Yes, people are using it, and the feedback has been encouraging. We're hearing from participants that the plan gives them language and structure to advocate for themselves in ways they hadn't felt equipped to do before. Some have told us their providers were initially skeptical but became more collaborative once they saw the plan as a tool for better communication rather than a list of demands. Others have said the process of completing the plan helped them identify gaps in their support system before they became crises—things like "I don't actually know how I'll manage feedings if I can't lift the baby" or "My OB has never asked about my wheelchair access needs for delivery." Right now, we're in an exciting growth phase. Awareness is spreading through word of mouth and our webinar series, but we're also being strategic about how we scale. Peer facilitation is critical to the plan's effectiveness, so we can't just post a PDF online and call it accessible. We're developing training materials for facilitators and building partnerships with the independent living network and other disability-led organizations. These are the natural homes for this work: they already have the trust, the expertise, and the infrastructure to support disabled people through major life transitions. Our goal is to embed the APAP into existing systems where people are already getting support, not create a parallel system they have to seek out.

Why is this research important to you?

This research is personal for me in multiple ways. As a parent and as someone deeply embedded in disability communities, I see every day how parenting with a disability is treated as an exception, a risk, or even a mistake, rather than as one of many beautiful and ordinary ways people build families. I know what it's like to navigate healthcare systems that weren't designed with disabled bodies and lives in mind, and I know the toll that takes.

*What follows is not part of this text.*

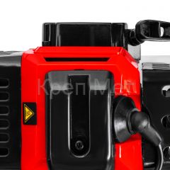 - Безопасность — производитель предусмотрел блокировку курка газа для предотвращения случайного запуска, защитный кожух препятствует вылету травы, веток, камней в сторону пользователя.

But it's also personal as a researcher and advocate who knows this gap is completely unnecessary. We have the knowledge, the frameworks, and the tools to support disabled people through pregnancy and parenting. The barrier isn't a lack of information—it's a healthcare system built on a medical model that pathologizes disability and assumes nondisabled experience as the default. That model doesn't just fail to serve disabled parents; it actively harms them by centering what providers fear might go wrong rather than what parents hope will go right.

This research matters because disabled parents and families deserve better than retrofitted accommodations or afterthought accessibility. They deserve care that starts with the assumption that they are capable, that their parenting matters, and that their lived expertise is valuable. The APAP is one small tool in a much larger project of reimagining reproductive healthcare through a disability justice lens, and that's work I'm committed to for the long haul.

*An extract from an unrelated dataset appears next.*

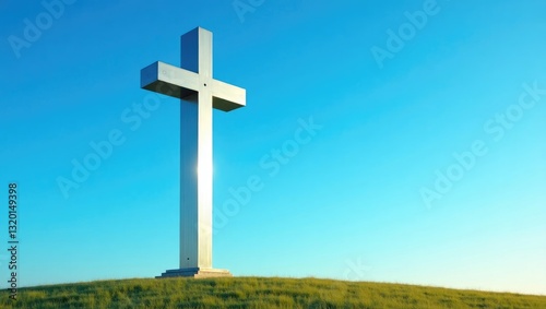 Iron cross sculpture situated on the hilltop overlooking the city.

What is the most important thing you would want people to know about APAP and the work that went into it?

The most important thing I want people to know is this: The APAP wasn't created for disabled parents; it was created by and with disabled parents. Every aspect of this tool, from the questions we ask to the way we implement it, comes from disabled people's lived expertise about what we need, what we're told we can't have, and what actually works when systems are designed with us at the center instead of as an afterthought.